We caution against drawing any causal inference through this study, which aims to be the first step in identifying potential antecedents of SPM practices in this field. We acknowledge that there are other factors that may influence social enterprises to adopt SPM practices that are not captured in this model, and the cross-sectional nature of the data makes it difficult to establish causal inference. While we can determine that some of the variable constructs (prior work experience, prior founding experience, legal status) occurred before the adoption of SPM practices, others (such as receiving grant funding or participating in an accelerator program) could also have occurred during or after the adoption of SPM practices, which could raise concerns of reverse causality.

We suggest that further analysis using panel data and quasi-experimental methods (such as difference-in-difference) may address many of the internal validity issues that are present in this study. Finally, we note that the sample used for this analysis is based on data collected from self-identified social enterprises applying to be part of incubation or acceleration programs and is not representative of the broader population of social enterprises. Therefore, we caution against generalizing too broadly from any analysis in this study, and acknowledge the need to replicate the analysis with other samples, when possible.

Despite these limitations, this study makes an important first step at building quantitative evidence on SPM practices in social enterprise and builds on a nascent but growing body of literature on the topic. Our study makes contributions to both the theory and practice of social performance measurement in social enterprise. Regarding theory, it extends the study of SPM to organizations with dual objectives and provides a new theoretical perspective to study this important topic in social enterprise. The study also offers new insights on the influence of the nonprofit sector on social enterprise, while illustrating key differences between the two fields through its empirical findings. Finally, the findings related to the influence of accelerators on the adoption of SPM practices suggests new approaches for practitioners and funders that support social enterprises to develop more targeted training programs for the sector.

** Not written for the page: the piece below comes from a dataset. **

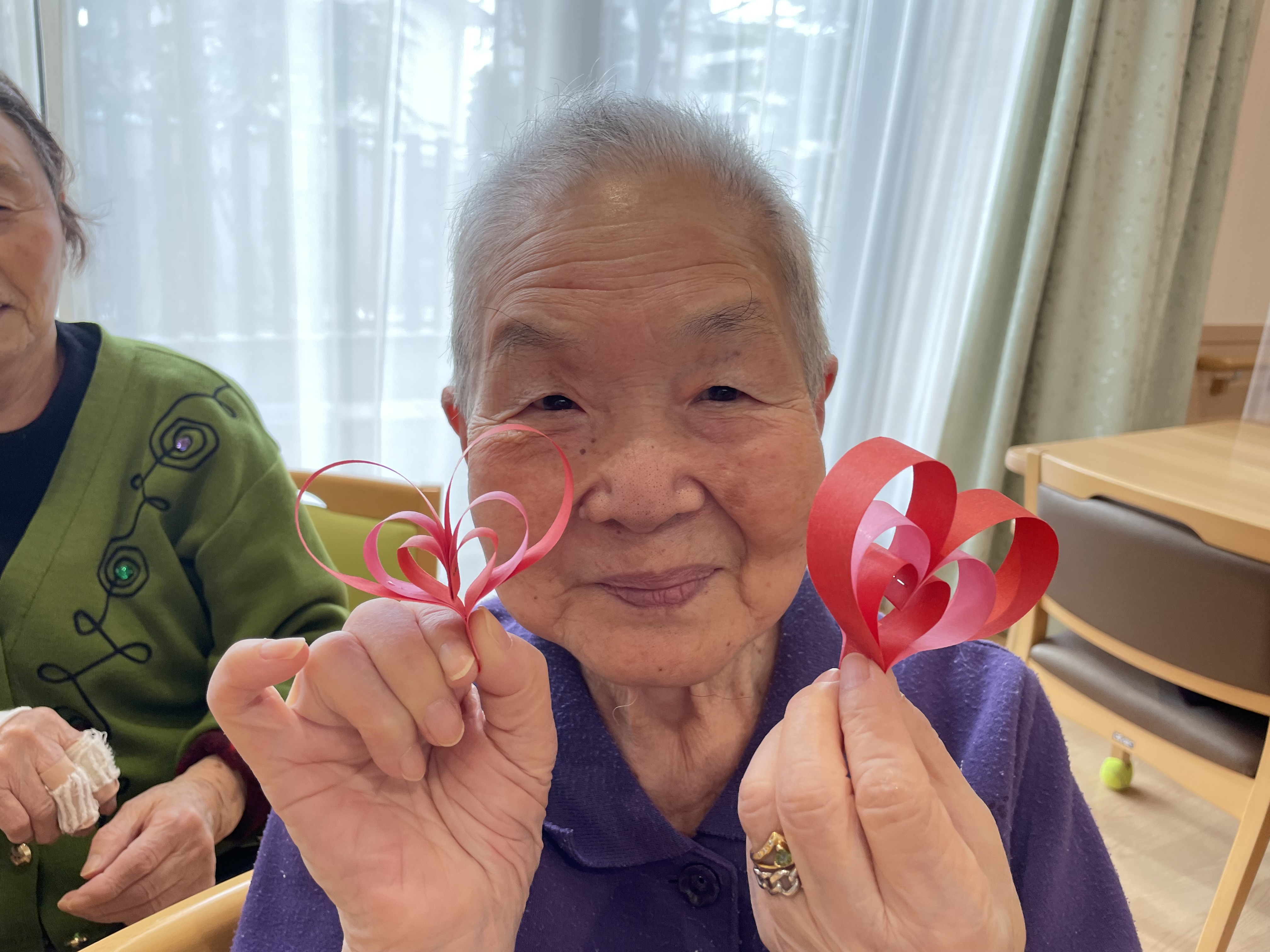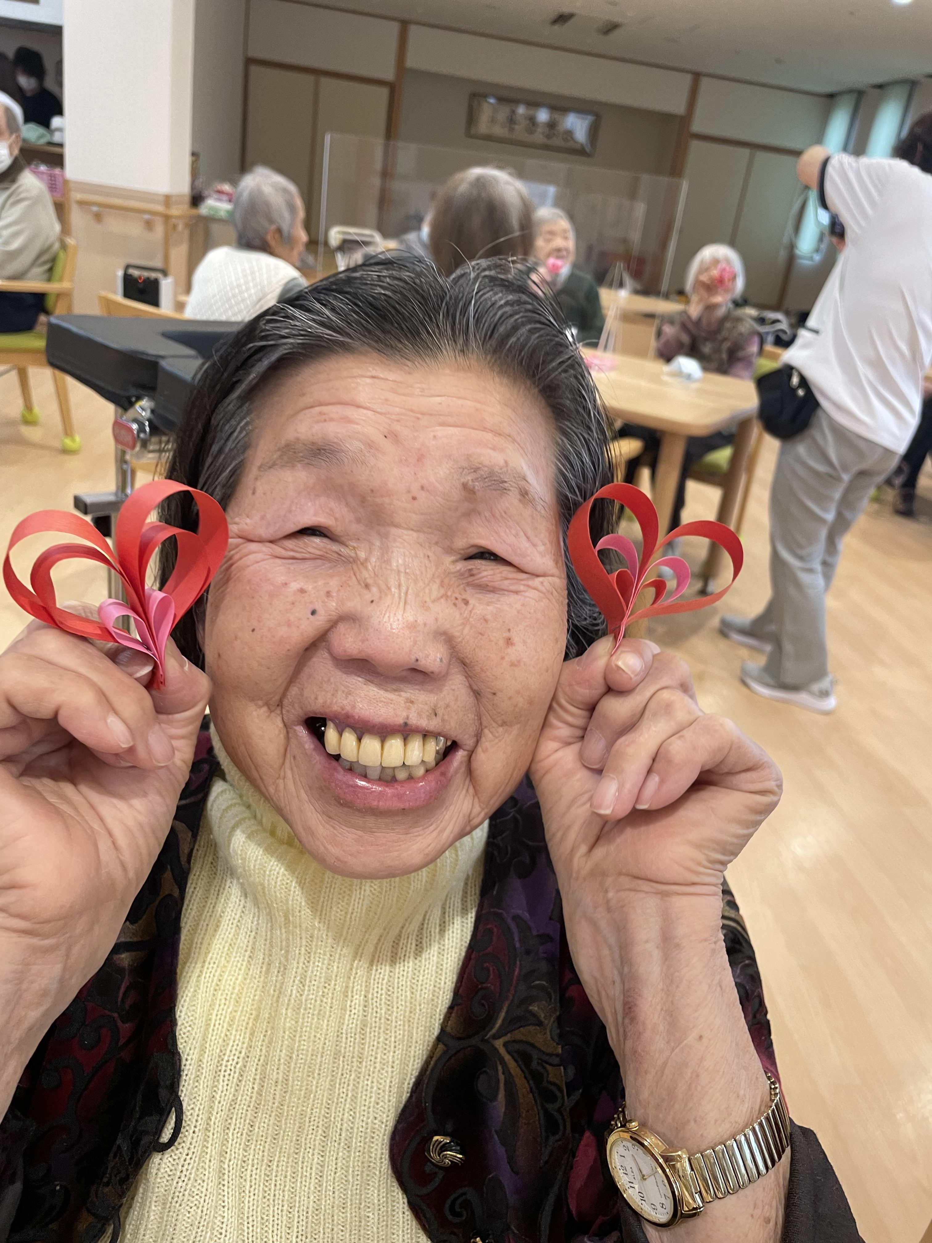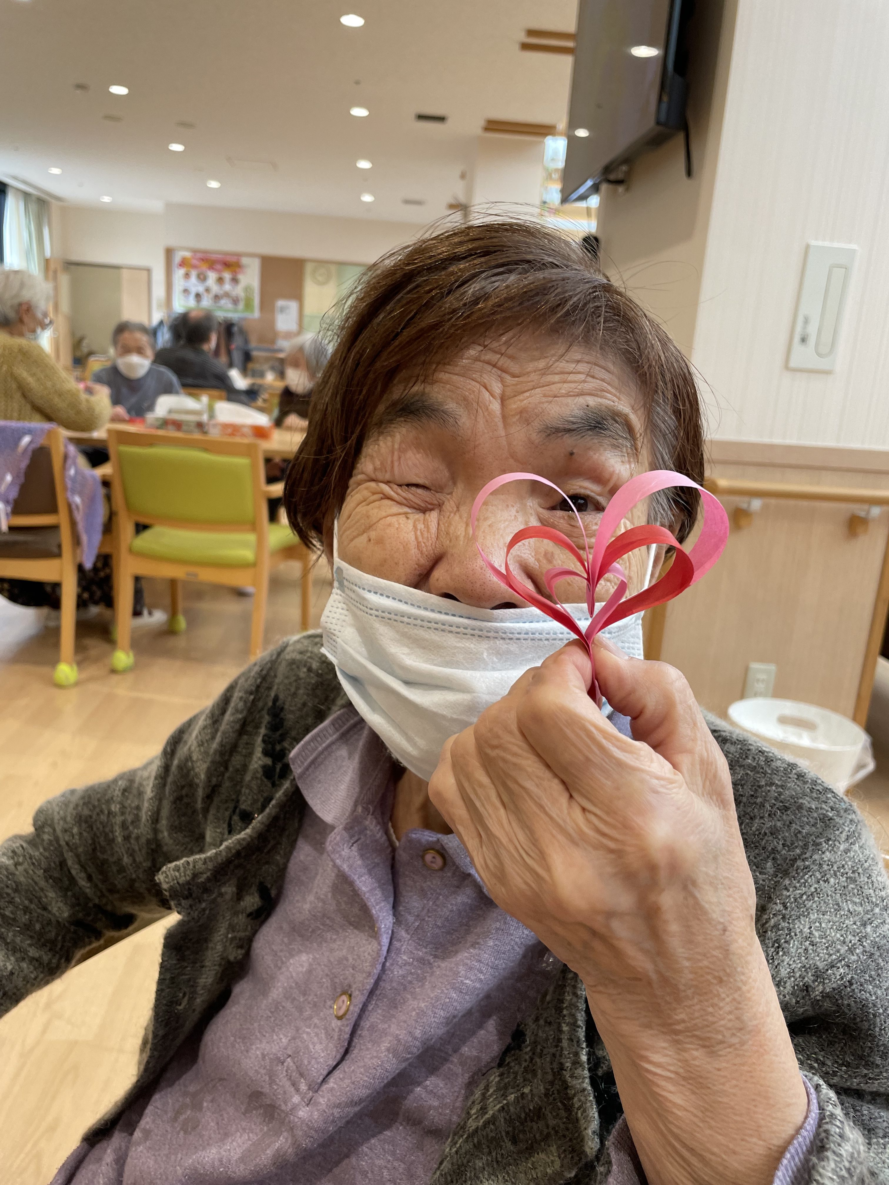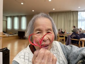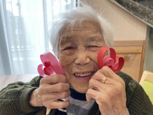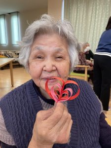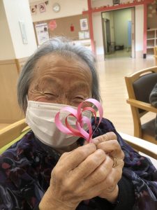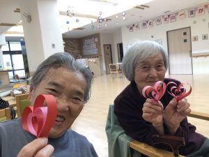 今年は、皆さんにかわいいハートのモビール飾りを作って頂きました!

Additionally, our findings also pose some interesting questions for future research on this topic. First, if indeed, social enterprises with closer ties to the nonprofit sector are more likely to measure their social performance, are they truly adopting these practices to “improve” their social impact, or simply because of the norms that they have been influenced by in the past? Second, how do social enterprises use social and financial performance measurement? Are these measurement approaches integrated, or decoupled from each other? Finally, while this study has focused on external factors that would be characterized by relationships with organizations at the same or higher levels of accountability (to existing funders, potential funders, peers, etc.), it will be important to also examine this topic in the context of “downward” accountability to the beneficiaries of the social enterprise (Ebrahim et al. 2014). We believe that future quantitative and qualitative research can help to address these questions and improve our understanding of the social performance of these organizations, and effective ways to measure it.